Mental retardation refers to significantly sub average general intellectual functioning existing concurrently with deficits in adaptive behavior and manifested during the developmental period. Inborn errors of metabolism (IEMs) are a set of relatively uncommon complicated medical conditions involving abnormalities in the complex biochemical and metabolic pathways of the human body system. Most of the IEM are single gene defects, inherited in an autosomal recessive manner, with a 25% recurrence risk. Fortunately, treatment is possible for many IEM. Emergency treatment of metabolic disorders consists of symptomatic treatment, which is applied regardless of the underlying disorder, and specific treatment is possible by our understanding of the biochemical bases of the underlying disorder. This study included a study group which consisted of 186 cases of unexplained mentally retarded children and a control group which consisted of 35 children of matched age, sex and socio-economic status. All cases were subjected to the following: detailed history taking, family pedigree, thorough clinical examination, anthropometric measurements, routine investigations, urine metabolic screening tests (ferric chloride test and toluidine blue spot test) and urinary paper chromatography, EEG , IQ and psychiatric assessment. in patients (about 17.5%) were admitted to incubator& in control cases (about 8.5 %) cases were admitted to incubator, test of significance found to be significance. There was no significant difference between patients and control regarding their psychiatric disorders . There was significant difference between patients and control regarding their height, weight, BMI and head circumference. Delayed teething and delayed sphincter control were not significant between both groups. Toluidine blue test don`t show significant difference between both groups. High positivity of Urine metabolic screening tests and urinary paper chromatography in these patients beside the clinical presentation, consanguinity and family history of MR suggest a significant probability of the presence of a metabolic disease, which will need further specific investigations to confirm the diagnosis and determine the possible treatable cases.
Key Words: metabolic assessment, mental retardation
Introduction
Mental retardation is defined by American Association of Mental retardation (AAMR)(1) as it is a disability characterized by significant limitations both in intellectual functioning and in adaptive behavior as expressed in conceptual, social, and practical adaptive skills. This disability originates before age 18 years.
Mental retardation (MR) is a common problem in Pediatrics with a reported frequency of about 2-3%(2).

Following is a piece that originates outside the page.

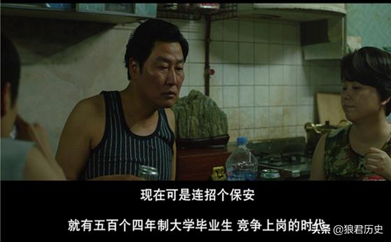 这个现象在电影中也有所表露,主角一家个个都有一技之长,而且是擅长,当时从父母、到男主、再到男主的妹妹,都是待业在家。当靠着欺骗男主一家在雇主一家找到工作之后,男主爸爸的一句话,揭露了韩国社会的伤疤。

The severity of mental retardation has been based on the IQ score, (I.Q score of below 70) the various groups as per the WHO classification are –Mild (IQ 55-69); Moderate (IQ 40-54); Severe (IQ 25-39) and Profound (IQ below 25)(3)
Mental Retardation is a condition with varying etiology. It may have genetic or non-genetic (environmental) origin(3)
Genetic causes of MR are broadly classified by Kumta(4) into:
1. Single gene disorders including all the inborn errors of metabolism.
2. Chromosomal disorders.
3. Multifactorial in origin.
Mental Retardation can be due to static or progressive encephalopathy. Progressive encephalopathy is where the child loses already acquired milestones and regresses from the higher level of CNS functioning to a lower level. It is due to neurodegenerative disorders which are very often metabolic in origin(4).
Inborn errors of metabolism (IEM) are a heterogeneous group of disorders caused by single gene defect which may manifest immediately after birth or within few days or weeks after birth(5).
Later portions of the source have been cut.